- Also known as: The Comments Section with Reagan Conrad (December 2024–2026) The Comments Section with Brett Cooper (May 2022–December 2024)
- Genre: Political commentary; news;
- Created by: The Daily Wire
- Presented by: Brett Cooper (2022–2024); Reagan Conrad (2024–present);
- Country of origin: United States

Production
- Production location: Nashville, Tennessee
- Camera setup: Single-camera
- Running time: 5–20 minutes
- Production company: The Daily Wire

Original release
- Network: The Daily Wire YouTube
- Release: March 2, 2022 – May 7, 2026

Related
- The Ben Shapiro Show;

= The Comments Section =

American conservative political show

The Comments Section is an American daily conservative news and viral content review podcast produced by The Daily Wire and hosted by Reagan Conrad. It was hosted by political commentator Brett Cooper from March 2, 2022, to December 10, 2024.

The show is presented as a vlog, with the host reviewing current events, news stories, and viral videos and trends and providing their commentary and opinion on them. Episodes are generally 5 to 20 minutes, with each video generally being about one subject. Episodes are generally released every weekday.

== History ==

=== Brett Cooper ===
In late 2021, conservative news and media company The Daily Wire sought "to capture a Gen Z audience on TikTok and YouTube." Brett Cooper, at that time an actress, was hired by The Daily Wire in January 2022 to start a podcast called The Comments Section with Brett Cooper.

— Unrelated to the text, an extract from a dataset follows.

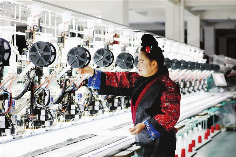 ❶1月4日,绣娘在贵州省黔东南苗族侗族自治州施秉县一家数字化苗绣企业生产车间作业。

The show was a success, reaching 4.5 million subscribers at its peak. Due to the show's success, in October 2023, Daily Wire CEO Jeremy Boreing announced that Cooper was set to star in a live‑action film titled Snow White and the Evil Queen as Snow White. A teaser was released around the same time, but as of January 2025, the plans were cancelled.

On October 25, 2024, Cooper's producer and friend, Reagan Conrad, was a guest host on her show. On the December 10, 2024 episode, Cooper announced that it would be her final episode hosting and that Conrad would be replacing her.

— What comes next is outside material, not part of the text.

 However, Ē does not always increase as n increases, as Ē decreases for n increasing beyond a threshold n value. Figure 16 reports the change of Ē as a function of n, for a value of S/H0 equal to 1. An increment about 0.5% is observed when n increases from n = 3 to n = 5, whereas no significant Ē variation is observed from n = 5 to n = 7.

Despite speculation of a falling out between Cooper and Conrad as well as between Cooper and The Daily Wire, Cooper announced that the decision was her own. Despite these statements made by Cooper herself, the specific details surrounding the breakup “remain murky”. Cooper began to focus on her own YouTube channel, and in June 2025 was added as a contributor to Fox News.

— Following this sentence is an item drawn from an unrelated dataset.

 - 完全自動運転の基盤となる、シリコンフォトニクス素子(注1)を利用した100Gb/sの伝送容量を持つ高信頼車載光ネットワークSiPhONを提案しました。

===Host transition and conclusion===

Following Brett Cooper's departure from the show and The Daily Wire in December 2024, her former producer Reagan Conrad assumed the role of permanent host. Under Conrad's tenure, the show's branding shifted to The Comments Section with Reagan Conrad. However, the host transition was
accompanied by a significant and sustained decline in audience engagement. Despite the channel retaining a subscriber base of over 3.5 million, average viewership per video fell by more than 90%, with individual uploads frequently struggling to surpass 20,000 to 30,000 views.

The final regular video upload to The Comments Section YouTube channel occurred on May 7, 2026, generating 25,272 views as of July 1, 2026. The Daily Wire did not issue a formal cancellation announcement and Conrad announced on the channel that she is on maternity leave.